The most typical technique for Chalánková, however, is embroidery. In 2004 she produced a series of embroidered phone text messages. The images of now obsolete mobile phone displays present fleeting messages. Something that someone punched in his/her mobile phone is captured through a parallel (much more laborious) hand movement. Records of modern amenities that lose on topicality with increasing speed are archived by a traditional technique. She also has embroidered illustrations in her author’s books The Little Red Riding Hood and Hansel and Gretel. Photographed, as well as realistic scenes from various fabrics present classical children stories in an original way.
Vendula Chalánková also stands behind the brand called “Zvrhlý vkus“ (Perverse style) that she founded in 2003. This label represents design products, primarily sewn, on the subject of animals, people and beings from the world of fairytales. They are from the perspective of a grown-up child with experiences from the real world and with a specific sense of humour. The author herself introduces them like this:
“The appliqués of animals and little girls are the bearers of existential dramas. By using polka-dot fabric the little girls suffer from bad complexion or dandruff. The animals are cute poor things. Rabbits lose ears, teeth or their whole head. The panda is injured. The fox is stained with blood. The teddy bear has a pair of underwear on his head and a guilty look in his eyes. The teddy bear Mr. Vomit is vomiting.”

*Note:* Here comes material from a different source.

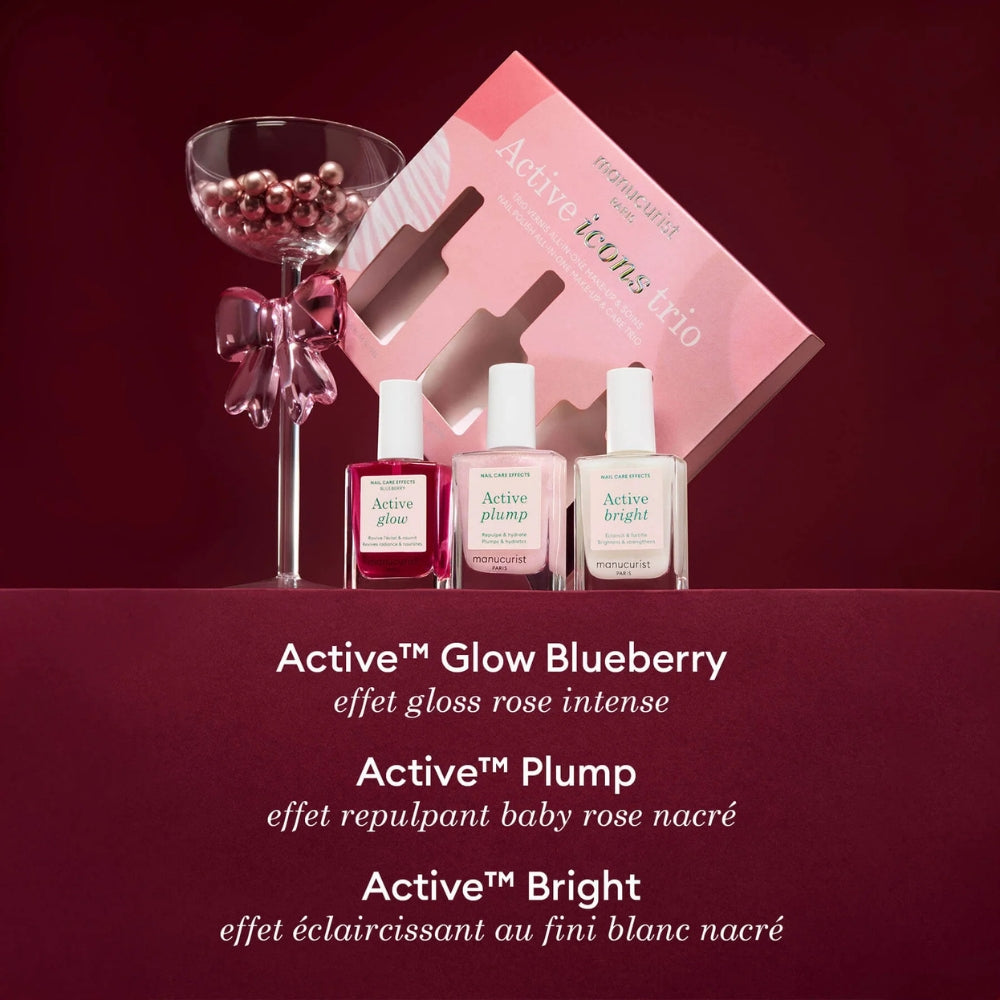 Sada obsahuje lak na nehty Active™ Glow Blueberry, který poskytuje zrcadlový lesk a obsahuje 77,5 % složek přírodního původu.

Commissioned orders are an inseparable part of this artist’s work. Computer graphics are an instrument, as well as a topic of her work, but she also works with architecture and its partial elements. For example the image of Dušan Jurkovič’s villa was the topic for the game Pexeso, which she created for this house. The pictures of pairs are based on the stylized elements of the vernacular art in the same basic colours used by the architect on his house. The box for the cards looks like the villa itself. In addition to digital and computer implementations Chalánková is also the author of projects reacting to specific spaces. One of her most recent ones includes a chair for Cafe Morgal, which was opened in June 2014 in the space of a former sacristy in Místodržitelský Palace in Brno.
Prior to the opening there was a reconstruction on the ground floor of one of the five buildings of the Moravian Gallery in Brno, during which a part of an original Baroque fresco was uncovered. In her creative finishes of several TON chairs, Chalánková used the colours and morphology of the uncovered ceiling painting. The conception of these is, compared to her other work, more restrained and corresponds to the intention. However, formal as well as visual diversity and variety, as well as using basic, unbroken colours remain to be the recognition sign of this artist’s work.